# Tetra CO2 system no longer available?



## drzoom (Dec 10, 2011)

Hi,

About 12 years ago, I had a Tetra CO2 fertilization system that I really liked but gave to someone with the rest of my setup prior to a move. I've searched around and couldn't find it being sold anywhere. It was comprised of a gas cylinder and valve with a plastic tube attached to an inverted cylinder in the tank. CO2 was just absorbed in the water and I had to refill the cylinder as needed. The only maintenance needed was refilling the cylinder when it ran out and a local aquarium store used to do that for a nominal fee. 

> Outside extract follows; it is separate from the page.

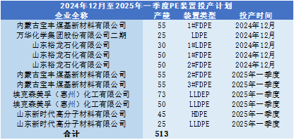 2024年12月,中国预计将迎来一波聚乙烯产能的集中释放,包括内蒙古宝丰、万华化学和山东裕龙在内的多个项目,共计约210万吨的新装置将正式投产。据悉,内蒙古宝丰的55万吨装置已顺利落地,而山东裕龙的新生产线于近期开车。预计到2024年底,中国的PE总产能将达到3596万吨。2025年第一季度,中国约有303万吨的PE装置计划投产,产能仍处于高速增长阶段。伴随着2024年12月投产的装置逐步提高运行负荷,2025年一季度市场供应压力预计将显著上升。尽管部分企业可能会选择推迟投产时间以减轻短期内对市场的冲击,但整体来看新装置的投产仍将在供应端产生重要影响。2024年12月,预计PE装置的检修损失量约为27.08万吨,环比减少40.27%,同比增加31.72%。下旬,中韩石化、福建联合等共约230万吨的停车装置计划重启,尽管有部分石化企业装置短停,但难以抵消重启装置带来的影响,检修损失量环比大幅下降。根据现有检修计划,2025年一季度检修装置较少,涉及产能仅为169万吨。随着前期重启装置的影响逐渐扩大,以及12月停车装置的陆续重启,预计一季度供应端将显著增加。(注:计算时不包括停车时间已超过一年的长期停车装置。)截至12月20日,油制LLDPE的利润为728.52元/吨,煤制LLDPE的利润高达1601.07元/吨,外采乙烯制LLDPE的利润为494.29元/吨,而MTO制LLDPE则亏损353.33元/吨。自10月以来,上游生产企业的密集检修与下游需求的强劲表现,导致LLDPE现货供需偏紧、库存去化显著、价格上扬,各工艺的生产利润显著提升。特别是煤制工艺,由于LLDPE现货价格坚挺而煤炭成本相对较低,利润增长尤为突出,目前在所有生产工艺中理论利润最高。从产能分布来看,油制和煤制工艺占据主导地位,分别占比约60%和20%。煤制、油制工艺利润偏高导致短期装置检修数量相对较少。在国内PE装置快速扩能的背景下,行业利润的压缩成为必然趋势。随着竞争的加剧,亏损装置陆续停车,供应量随之减少,市场有望重新达到供需平衡。然而,从当前的利润水平来看,要实现上游企业的集中停车检修,价格需要有较大幅度的下调。预计2025年一月份新增的临时停产装置数量相对较少,不及二月、三月的水平。(由于各家企业生产工艺以及原料存在较大差异,利润计算仅为理论值,不代表个别企业)根据现有的装置检修计划及前文的推演,我们预测2025年1月,随着检修装置的重启和新产能的逐步释放,中国PE产量将环比和同比上升,预计在242至248万吨之间。进入2月,随着现货市场供需趋于宽松和生产利润的压缩,预计会有更多装置临时停车,导致供应量减少。同时,考虑到2月天数较少,PE产量预计在230至240万吨之间。到了3月,随着下游需求的逐步回暖和天数的增加,产量有望较2月有所增长,预计在240至250万吨之间。2025年一季度,随着新投产装置逐步提升负荷,以及前期停车的装置陆续重启,预计PE供应压力将上升,整体供需关系趋于宽松,现货价格或将承压。具体来看,1月份供需矛盾预计最为显著。随着生产利润逐步压缩,预计2月、3月临停装置数量将增加,供应压力或将得到一定程度缓解,但总体上仍处于供应偏宽状态。

If this is no longer offered, are there similar alternatives that are simple and easy to live with solutions out there? This would be for a "planned" 55 gallon planted set up.

Thanks!


----------



## debisbooked (Jan 7, 2012)

drzoom said:


> Hi,
> 
> About 12 years ago, I had a Tetra CO2 fertilization system that I really liked but gave to someone with the rest of my setup prior to a move. I've searched around and couldn't find it being sold anywhere. It was comprised of a gas cylinder and valve with a plastic tube attached to an inverted cylinder in the tank. CO2 was just absorbed in the water and I had to refill the cylinder as needed. The only maintenance needed was refilling the cylinder when it ran out and a local aquarium store used to do that for a nominal fee.
> 
> ...


The Aquarium Guys site have something similar. Aquarium CO2 Systems & CO2 Reactors

I don't think the Tetra brand of co2 is readily available in the US anymore, maybe because the demand is not there- it seems to be still available in Europe though. I would think that over time these types would be more expensive than buying the refillable tank and regulators, etc. DIY types are usually used on smaller tanks than a 55.


----------